Life-enhancing
MIKE WHEELER listens to the Atrium Quartet
Formed in St Petersburg and currently based in Berlin, the Atrium Quartet has been winning consistently high praise, and their technically very impressive playing showed why (Derby Chamber Music, Multi-Faith Centre, Derby University, Derby, UK, 16 October, 2009).
The first movement of Haydn's Quartet Op 77 No 2 had a real spring in its step, and the third was deeply thoughtful. The second and fourth movements were not quite so successful. The playing was astonishingly nimble and precise, but some of the finale went by in a blur, and Haydn's jokes need a little more space in order to make their effect.

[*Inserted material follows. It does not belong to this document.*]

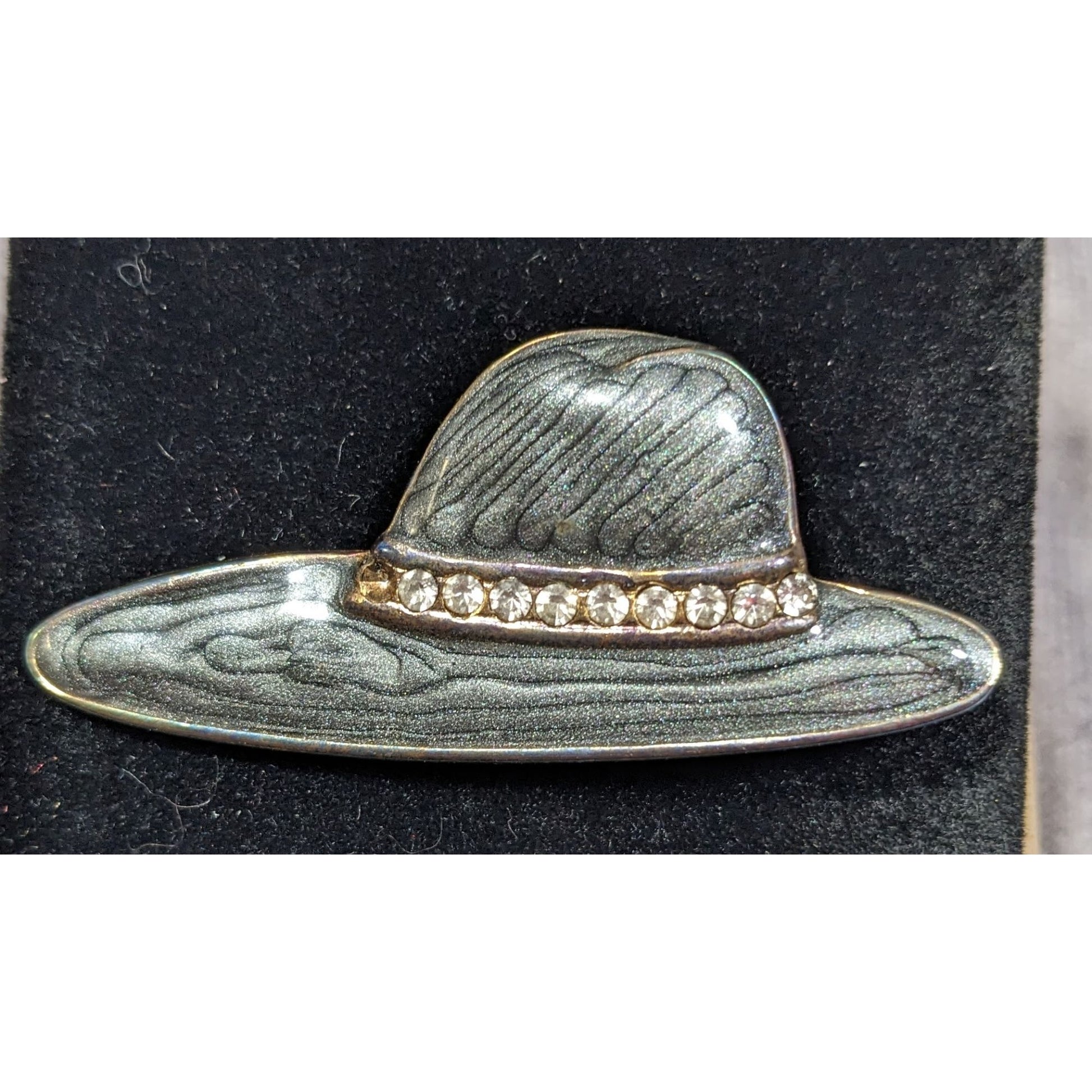 Vintage Hat Brooch With Grey Shimmer Enamel And Rhinestone Accents

In Tchaikovsky's Quartet No 3, the first movement was played with vigour and an alert response to the music's expressive twists and turns. The quartet's deeply felt response to the third movement didn't go flat out for instant angst but was all the more effective for a more measured approach, with the chant passages nicely understated. Their speed and dexterity in the last movement was again remarkable, and better suited to Tchaikovsky's broader brush-strokes than Haydn's intricate details.
The evening ended with a highly satisfying account of Schubert's D minor Quartet (Death and the Maiden). It was such a refreshing change to hear a performance that was not relentlessly doom-laden. The players knew exactly when to lighten up, with the result that, for example the scherzo's trio section felt more like genuinely alternative reality than unattainable illusion. Establishing a strong narrative feel in the first movement, they made more of the Beethoven influence than other performances I've heard. There was no lack of drive in the finale but this performance proposed as strong a link with the Ninth Symphony as with Winterreise -- not the relentless ride to the abyss we often hear, but invigorating, even (dare I say it) life-enhancing.